* **Exercise instructions**
Start at the line below containing "Con il suo ampio" and stop at the line containing "一般來說,吳哥的玩法不外乎就". Repeat every line of that stretch exactly, and nothing outside it.

* **Data records**
* * * * * * * * *
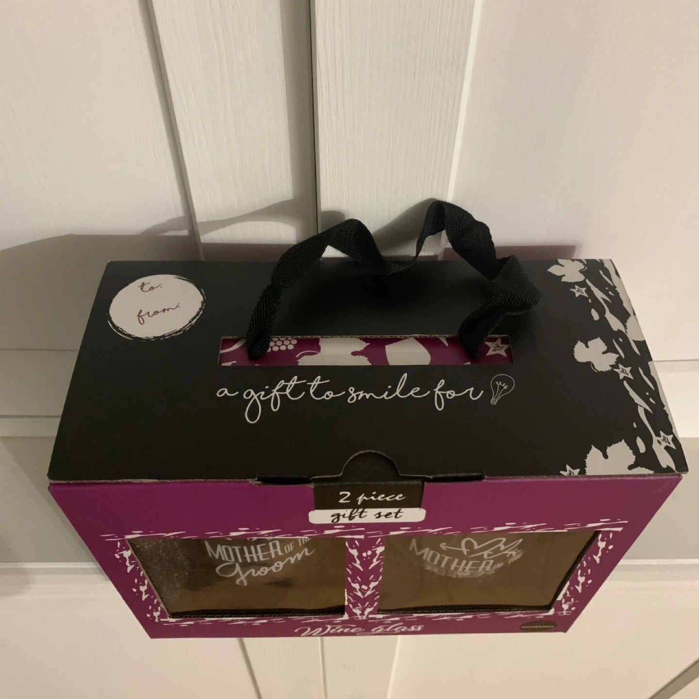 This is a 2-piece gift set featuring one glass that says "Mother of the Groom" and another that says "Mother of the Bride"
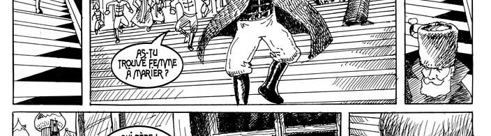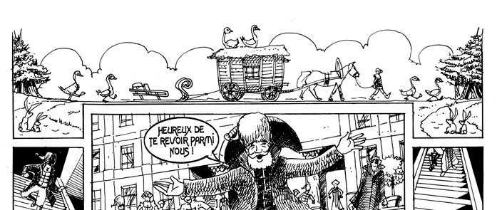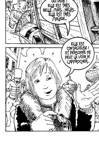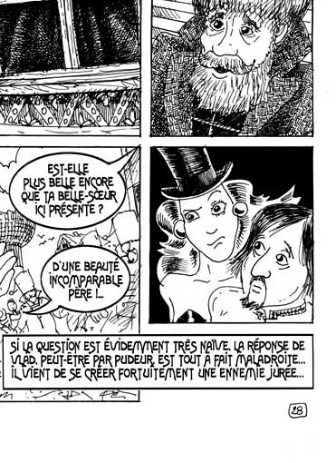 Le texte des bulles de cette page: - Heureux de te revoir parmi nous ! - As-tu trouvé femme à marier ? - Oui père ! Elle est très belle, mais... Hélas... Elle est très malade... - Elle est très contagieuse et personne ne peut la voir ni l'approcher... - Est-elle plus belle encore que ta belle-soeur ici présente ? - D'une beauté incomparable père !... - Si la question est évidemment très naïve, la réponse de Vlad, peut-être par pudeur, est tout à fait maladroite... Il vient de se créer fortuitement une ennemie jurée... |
* * * * * * * * *
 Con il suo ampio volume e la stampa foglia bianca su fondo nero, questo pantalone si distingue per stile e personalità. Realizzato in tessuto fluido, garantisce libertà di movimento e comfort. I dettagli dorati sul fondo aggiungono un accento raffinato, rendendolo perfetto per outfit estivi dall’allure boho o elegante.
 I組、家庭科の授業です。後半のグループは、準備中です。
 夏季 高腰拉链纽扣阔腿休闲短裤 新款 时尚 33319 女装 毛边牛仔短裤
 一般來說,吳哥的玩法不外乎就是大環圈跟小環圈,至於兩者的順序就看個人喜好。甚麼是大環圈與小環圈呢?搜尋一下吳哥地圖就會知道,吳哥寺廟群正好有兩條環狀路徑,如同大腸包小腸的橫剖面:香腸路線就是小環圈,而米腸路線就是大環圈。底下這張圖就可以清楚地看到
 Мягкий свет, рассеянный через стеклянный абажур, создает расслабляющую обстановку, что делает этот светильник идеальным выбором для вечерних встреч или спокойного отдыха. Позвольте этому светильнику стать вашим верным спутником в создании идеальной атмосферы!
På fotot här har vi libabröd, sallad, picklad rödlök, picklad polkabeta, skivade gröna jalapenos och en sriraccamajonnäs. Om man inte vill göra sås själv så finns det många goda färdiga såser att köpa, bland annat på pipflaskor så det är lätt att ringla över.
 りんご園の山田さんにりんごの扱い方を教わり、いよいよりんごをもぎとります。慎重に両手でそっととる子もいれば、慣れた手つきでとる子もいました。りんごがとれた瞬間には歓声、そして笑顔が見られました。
* * * * * * * * *
* **Exercise response**
 Con il suo ampio volume e la stampa foglia bianca su fondo nero, questo pantalone si distingue per stile e personalità. Realizzato in tessuto fluido, garantisce libertà di movimento e comfort. I dettagli dorati sul fondo aggiungono un accento raffinato, rendendolo perfetto per outfit estivi dall’allure boho o elegante.
 I組、家庭科の授業です。後半のグループは、準備中です。
 夏季 高腰拉链纽扣阔腿休闲短裤 新款 时尚 33319 女装 毛边牛仔短裤
 一般來說,吳哥的玩法不外乎就是大環圈跟小環圈,至於兩者的順序就看個人喜好。甚麼是大環圈與小環圈呢?搜尋一下吳哥地圖就會知道,吳哥寺廟群正好有兩條環狀路徑,如同大腸包小腸的橫剖面:香腸路線就是小環圈,而米腸路線就是大環圈。底下這張圖就可以清楚地看到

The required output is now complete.